The other night I sat on the floor in our apartment after finishing up a final cleaning and after getting the rest of our odds and ends. The apartment was completely empty, except for one single lamp, for the first time since it was built post WW2. The father of the current owner bought the house after he came back from the war, raised his kid on the first floor (our apartment), then his son lived there with his wife and kids for a period before buying their own house. Then we moved in.
So there I was, sitting on the floor against the wall, having a beer and thinking about the five years we spent there. Then it dawned on me: the four walls and a roof had shifted from a ?home?, to an apartment. Patti and I spent 5 years in that place. 5 important, growing, wonderful years. We moved there not married, then came home from our honeymoon to that apartment. We conceived, and brought home, Emily in that apartment. It was the first home she ever knew. We argued and played in there. We cared for Pumbaa, our dog, after we found out he had cancer, and came back to that apartment after putting him to sleep. Albeit a much emptier apartment. We had friends and relatives stay on the couch and in the spare bedroom. We hid from creditors calling us, and high-fived each other when we were debt free (well, almost debt free) in that apartment. We had countless burgers in the backyard, countless nights of sitting out there with our neighbors and friends, drinking beer and listening to the Red Sox on the radio.

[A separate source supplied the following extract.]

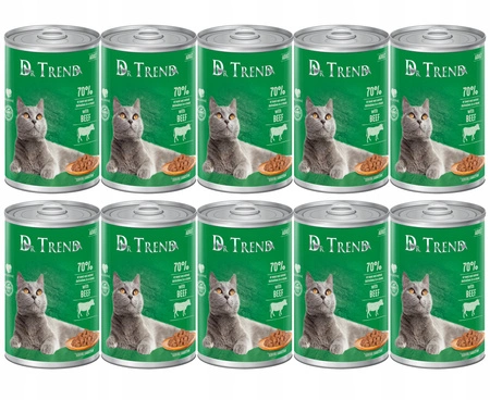 DR. TREND pełnoporcjowa mokra karma dla dorosłych kotów z wołowiną, kawałki w delikatnym sosie 10x400 g

We took taxis to and from there, were woken up by the crowded streets on late Friday and Saturday nights, and sat on the front porch for more nights than I can remember. We got to know our neighbors and would not have loved the areas were it not for them. Patti and I watched countless movies in the living room, had fun times cooking dinner, and walked through the threshold of the front door thousands of times.
The bathroom is tiny, you have to hold the handle for 15 seconds to get it to flush, the toilet runs and the ceiling is falling down. The wall paper is peeling, the radiators sound like someone is banging a pipe with a baseball bat, and the heat often goes out. But we will miss that place. We will miss the cement ground in the backyard, the tiny plot of dirt we call a front yard, and trying to find parking on our street. We will miss our neighbors who brought over food when we came home with Emily and who helped us out more times than we can recall.
Our old place is changing from a home to an apartment while our new place does the reverse. As we unpack, figure out the intricacies of a house that is almost 50 years old and get to know the neighborhood, we will always remember, and miss, the apartment. The house is bigger, it?s nicer, it?s ours, sure. But sometimes an old, worn t-shirt just feels better than a bright new one. At least until it gets worn in.